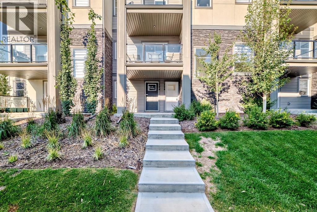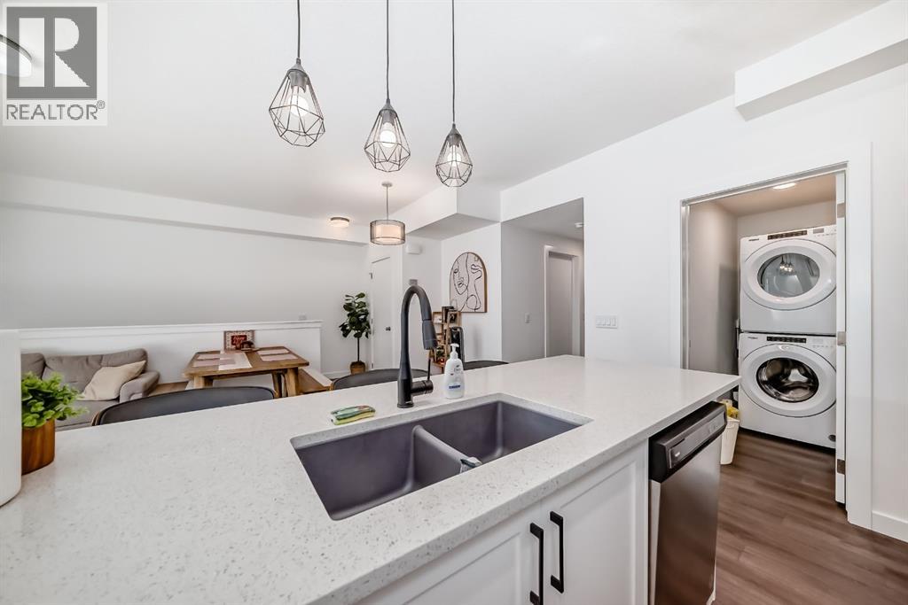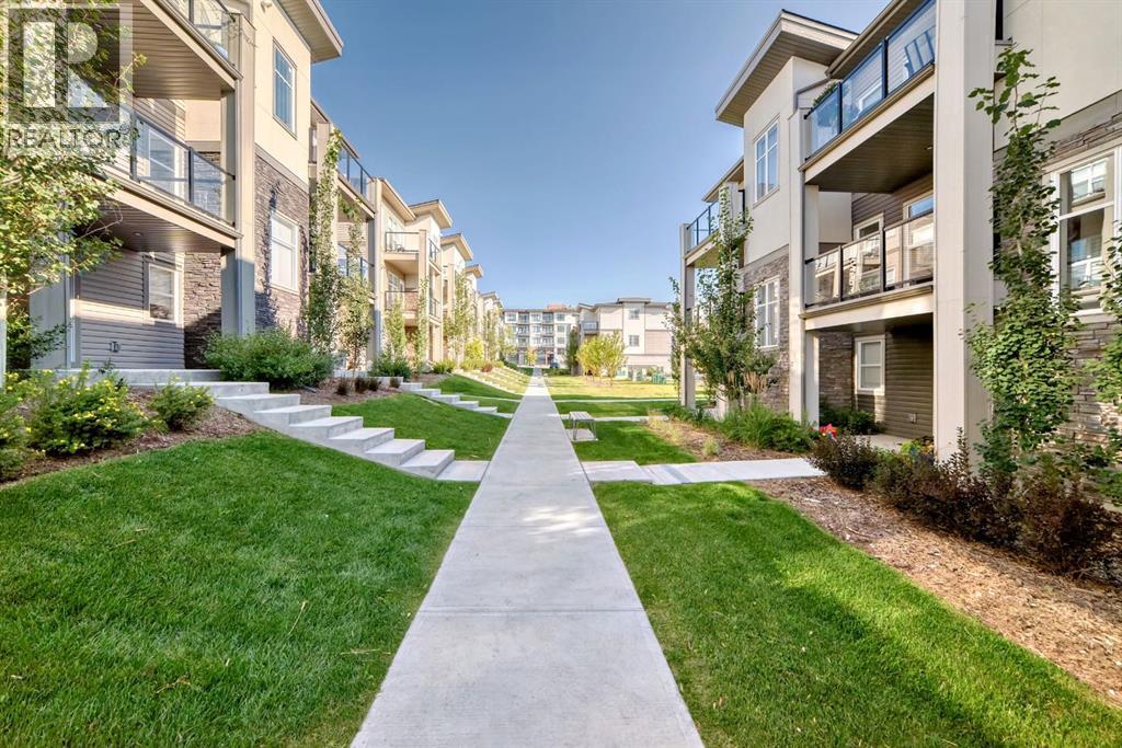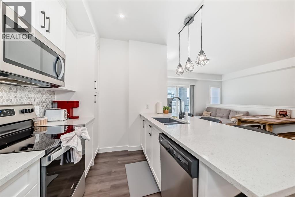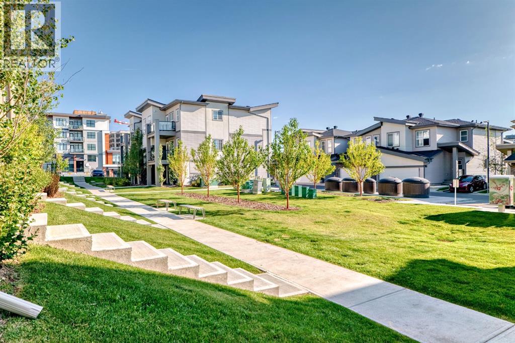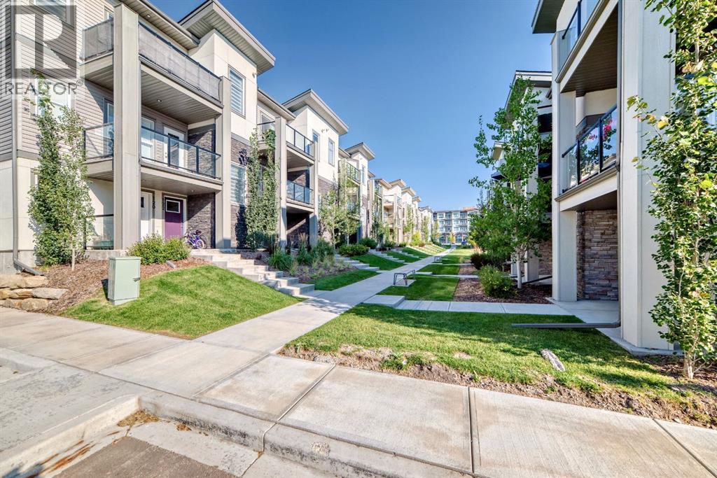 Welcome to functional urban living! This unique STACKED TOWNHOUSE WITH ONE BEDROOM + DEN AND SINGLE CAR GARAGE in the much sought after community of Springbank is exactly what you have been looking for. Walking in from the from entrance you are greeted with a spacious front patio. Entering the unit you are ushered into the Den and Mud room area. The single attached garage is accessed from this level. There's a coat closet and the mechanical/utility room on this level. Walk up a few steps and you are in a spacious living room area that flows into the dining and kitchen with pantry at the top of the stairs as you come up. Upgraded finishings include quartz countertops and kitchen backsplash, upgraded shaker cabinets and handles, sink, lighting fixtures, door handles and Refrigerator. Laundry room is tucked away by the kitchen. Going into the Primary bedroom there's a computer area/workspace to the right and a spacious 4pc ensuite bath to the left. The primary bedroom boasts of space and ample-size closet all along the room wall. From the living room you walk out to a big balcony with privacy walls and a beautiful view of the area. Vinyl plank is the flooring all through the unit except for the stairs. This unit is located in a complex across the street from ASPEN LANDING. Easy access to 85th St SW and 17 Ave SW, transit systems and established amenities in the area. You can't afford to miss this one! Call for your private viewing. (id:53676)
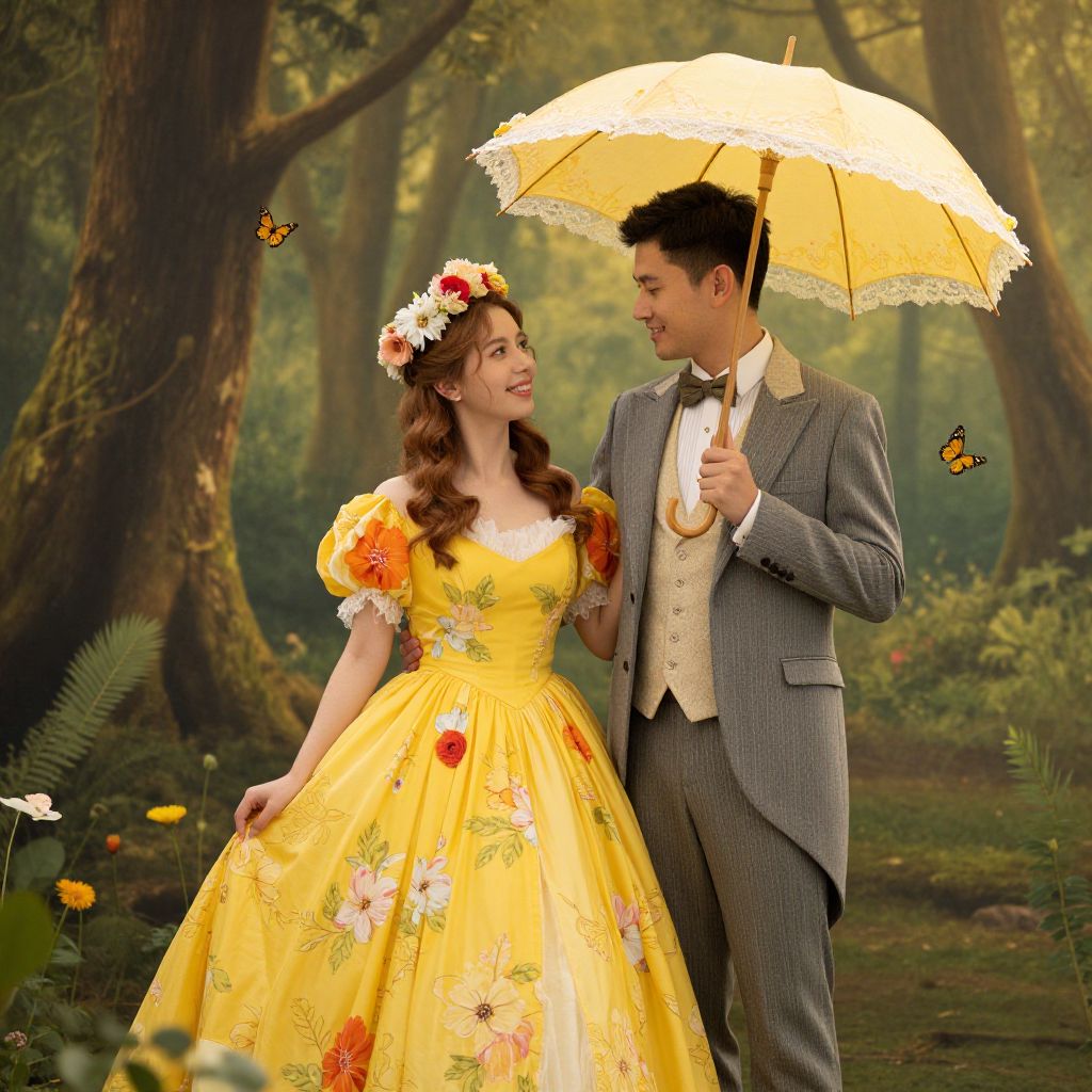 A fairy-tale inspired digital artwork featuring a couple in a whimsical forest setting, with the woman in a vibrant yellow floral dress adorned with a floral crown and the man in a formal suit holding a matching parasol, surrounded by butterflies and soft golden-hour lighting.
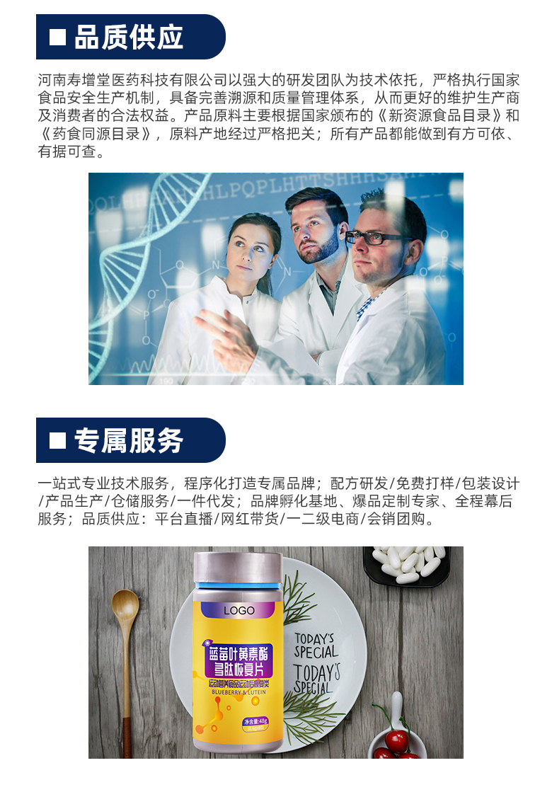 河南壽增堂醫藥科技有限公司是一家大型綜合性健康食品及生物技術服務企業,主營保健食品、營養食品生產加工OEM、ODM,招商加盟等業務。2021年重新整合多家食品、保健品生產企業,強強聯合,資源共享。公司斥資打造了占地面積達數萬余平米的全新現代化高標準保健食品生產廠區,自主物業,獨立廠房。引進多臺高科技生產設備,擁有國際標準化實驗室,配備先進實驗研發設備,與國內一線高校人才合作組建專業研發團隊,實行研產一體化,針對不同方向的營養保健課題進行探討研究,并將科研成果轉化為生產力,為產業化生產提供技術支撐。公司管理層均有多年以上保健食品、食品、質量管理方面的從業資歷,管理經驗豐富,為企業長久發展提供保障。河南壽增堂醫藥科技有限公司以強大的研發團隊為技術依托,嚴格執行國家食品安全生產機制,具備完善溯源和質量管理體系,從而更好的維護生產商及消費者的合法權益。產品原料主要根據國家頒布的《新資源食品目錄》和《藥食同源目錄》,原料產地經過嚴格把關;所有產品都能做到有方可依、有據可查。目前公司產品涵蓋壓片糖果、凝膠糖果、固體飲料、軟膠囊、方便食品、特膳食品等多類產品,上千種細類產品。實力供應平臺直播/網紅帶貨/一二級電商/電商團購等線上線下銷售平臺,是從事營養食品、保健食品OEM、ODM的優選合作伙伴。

__Prompt__
Please print the data above once more, exactly and without images.

__Solution to the problem__
 Welcome to functional urban living! This unique STACKED TOWNHOUSE WITH ONE BEDROOM + DEN AND SINGLE CAR GARAGE in the much sought after community of Springbank is exactly what you have been looking for. Walking in from the from entrance you are greeted with a spacious front patio. Entering the unit you are ushered into the Den and Mud room area. The single attached garage is accessed from this level. There's a coat closet and the mechanical/utility room on this level. Walk up a few steps and you are in a spacious living room area that flows into the dining and kitchen with pantry at the top of the stairs as you come up. Upgraded finishings include quartz countertops and kitchen backsplash, upgraded shaker cabinets and handles, sink, lighting fixtures, door handles and Refrigerator. Laundry room is tucked away by the kitchen. Going into the Primary bedroom there's a computer area/workspace to the right and a spacious 4pc ensuite bath to the left. The primary bedroom boasts of space and ample-size closet all along the room wall. From the living room you walk out to a big balcony with privacy walls and a beautiful view of the area. Vinyl plank is the flooring all through the unit except for the stairs. This unit is located in a complex across the street from ASPEN LANDING. Easy access to 85th St SW and 17 Ave SW, transit systems and established amenities in the area. You can't afford to miss this one! Call for your private viewing. (id:53676)
 A fairy-tale inspired digital artwork featuring a couple in a whimsical forest setting, with the woman in a vibrant yellow floral dress adorned with a floral crown and the man in a formal suit holding a matching parasol, surrounded by butterflies and soft golden-hour lighting.
 河南壽增堂醫藥科技有限公司是一家大型綜合性健康食品及生物技術服務企業,主營保健食品、營養食品生產加工OEM、ODM,招商加盟等業務。2021年重新整合多家食品、保健品生產企業,強強聯合,資源共享。公司斥資打造了占地面積達數萬余平米的全新現代化高標準保健食品生產廠區,自主物業,獨立廠房。引進多臺高科技生產設備,擁有國際標準化實驗室,配備先進實驗研發設備,與國內一線高校人才合作組建專業研發團隊,實行研產一體化,針對不同方向的營養保健課題進行探討研究,并將科研成果轉化為生產力,為產業化生產提供技術支撐。公司管理層均有多年以上保健食品、食品、質量管理方面的從業資歷,管理經驗豐富,為企業長久發展提供保障。河南壽增堂醫藥科技有限公司以強大的研發團隊為技術依托,嚴格執行國家食品安全生產機制,具備完善溯源和質量管理體系,從而更好的維護生產商及消費者的合法權益。產品原料主要根據國家頒布的《新資源食品目錄》和《藥食同源目錄》,原料產地經過嚴格把關;所有產品都能做到有方可依、有據可查。目前公司產品涵蓋壓片糖果、凝膠糖果、固體飲料、軟膠囊、方便食品、特膳食品等多類產品,上千種細類產品。實力供應平臺直播/網紅帶貨/一二級電商/電商團購等線上線下銷售平臺,是從事營養食品、保健食品OEM、ODM的優選合作伙伴。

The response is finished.